Prinsip proporsionalitas dan prospek kesuksesan yang layak dan masuk akal tersebut merupakan dua syarat yang tidak mudah untuk diukur. Rusia mengklaim bahwa tindakannya sesuai dengan ketentuan dalam Konvensi Genewa 1949, meskipun ada yang berargumen bahwa Rusia telah menghancurkan pusat stasiun radio dan televisi dan fasilitas lainnya. Bahkan, pakar medis dan pembela HAM mengutuk dengan keras laporan pemboman Rusia terhadap bangsal bersalin rumah sakit dan klinik anak-anak karena jelas bertentangan dengan prinsip-prinsip hukum humaniter internasional. Persyaratan prospek untuk sukses sepenuhnya tergantung kemauan politik dari negara yang akan mengintervensi. Seperti dalam kasus Rwanda dan Srebrenica, dimana DK PBB dianggap gagal untuk menjaga perdamaian dan keamanan internasional, karena tidak ada kemauan politik.

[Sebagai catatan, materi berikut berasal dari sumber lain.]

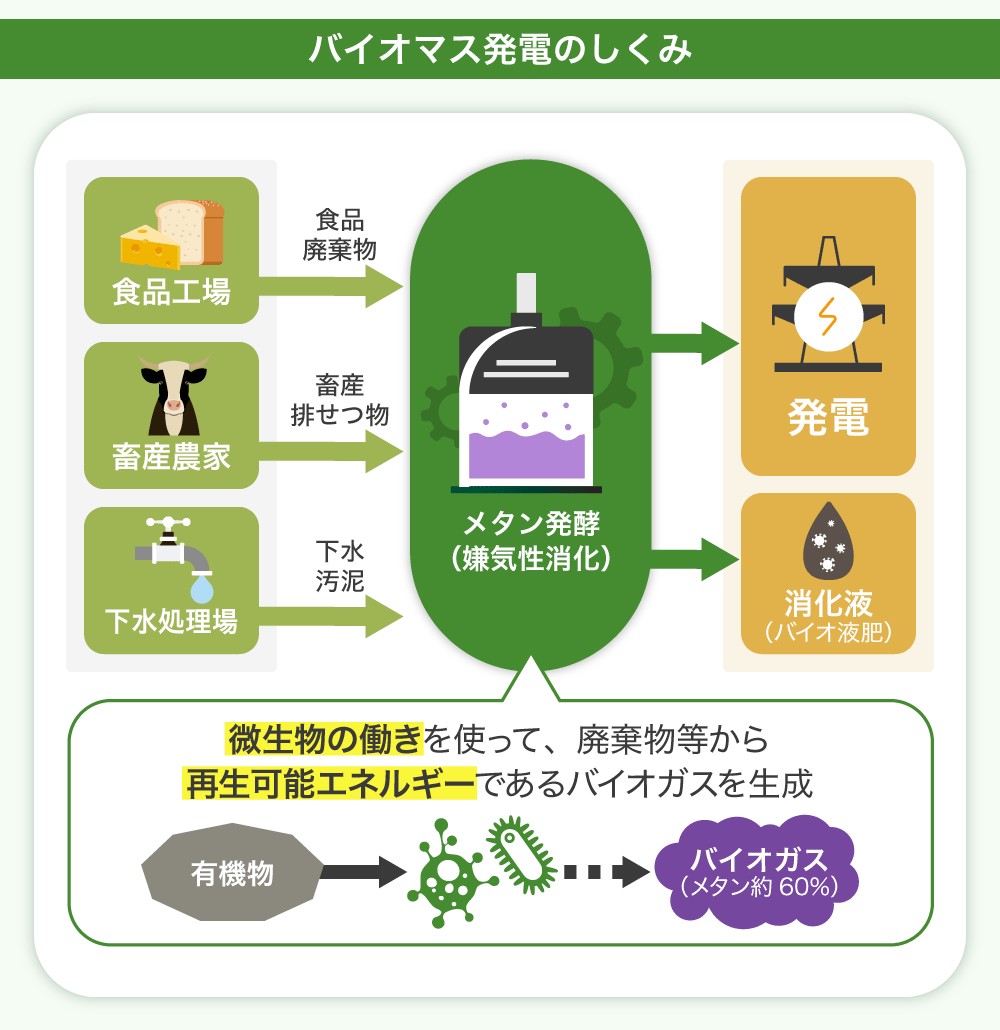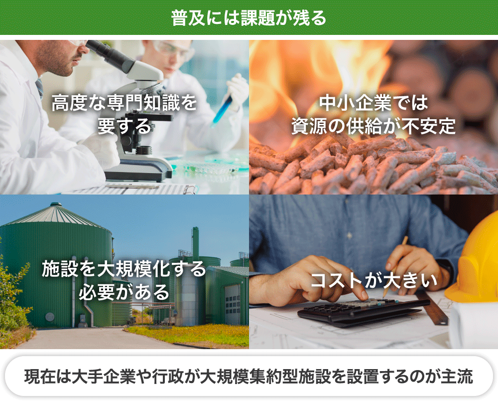 その他にも、周辺環境に適した施設の設計、バイオガスを回収した後の消化液の処理など、バイオマス発電施設の設置にはさまざまな壁があります。そのため、現状は大手企業や行政がスケールメリットを活かせる大規模集約型施設を設置するのが主流です。
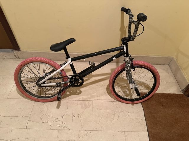 Detalles del productoBicicleta BMX con un diseño llamativo y ruedas de color rosa.
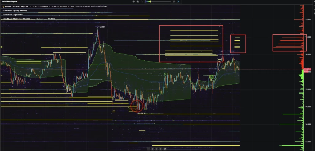 BTC 订单簿热图Coinglass目前,流动性在 116,200 美元至 116,500 美元之间明显集中,这表明这是一个值得交易者关注的关键区域。当流动性聚集在一个窄幅区间时,它通常会像磁铁一样吸引价格走势,将 BTC 拉向该水平。如果这些主要是买单,那么这个区间可能是一个强劲的支撑区域,买家准备在此吸收抛售压力,并阻止价格进一步下跌。

Berdasarkan fakta dan analisa diatas, agaknya tidak sulit untuk mengatakan bahwa penyerangan Rusia di Ukraina tidak memenuhi kriteria jus ad bellum yang dapat menjustifikasi alasan Rusia berperang. Baik alasan hak bela diri maupun alasan mendapatkan otorisasi dari DK PBB yang diatur dalam hukum internasional tidak mampu dibuktikan. Memang, terdapat sejumlah pelanggaran hukum internasional serupa sebelumnya yang telah dilakukan oleh Amerika Serikat dan sekutu. Pelanggaran tersebut agaknya membuat Amerika Serikat dan sekutu lebih sulit untuk mengkritik Rusia dengan cara persuasif, karena bagaimanapun juga, merekapun pernah bertindak sepihak dan melanggar prinsip-prinsip dalam Piagam PBB seperti non-intervention. Duniapun tidak akan lupa terhadap pelanggaran-pelanggaran tersebut. Namun, dalam melihat semua konflik yang pernah terjadi, termasuk yang terjadi saat ini antara Rusia dan Ukraina, substansi moral dalam perang tetap perlu mendapatkan perhatian. Artinya, kita tidak boleh lupa terhadap semua pelanggaran hukum internasional yang pernah dilakukan negara-negara Barat, namun Rusia tetap tidak dapat membenarkan pelanggaran hukum mereka sendiri. Ibaratnya, jika negara A menggunakan kekuatan bersenjata dan melanggar kedaulatan negara B dan lolos tanpa hukuman, hal tersebut tidak membenarkan negara C untuk melakukan hal yang sama terhadap negara D. Sekali lagi, jika negara-negara anggota NATO pernah melanggar Pasal 2(4) Piagam PBB seperti ketika mereka mengebom Serbia pada tahun 1999, hal tersebut tidak membenarkan pemboman Rusia di Ukraina saat ini. Pelanggaran hukum internasional masa lalu dan masa kini tentu akan kembali digunakan sebagai preseden untuk mempersenjatai argumentasi terhadap pelanggaran yang dapat terjadi di masa mendatang.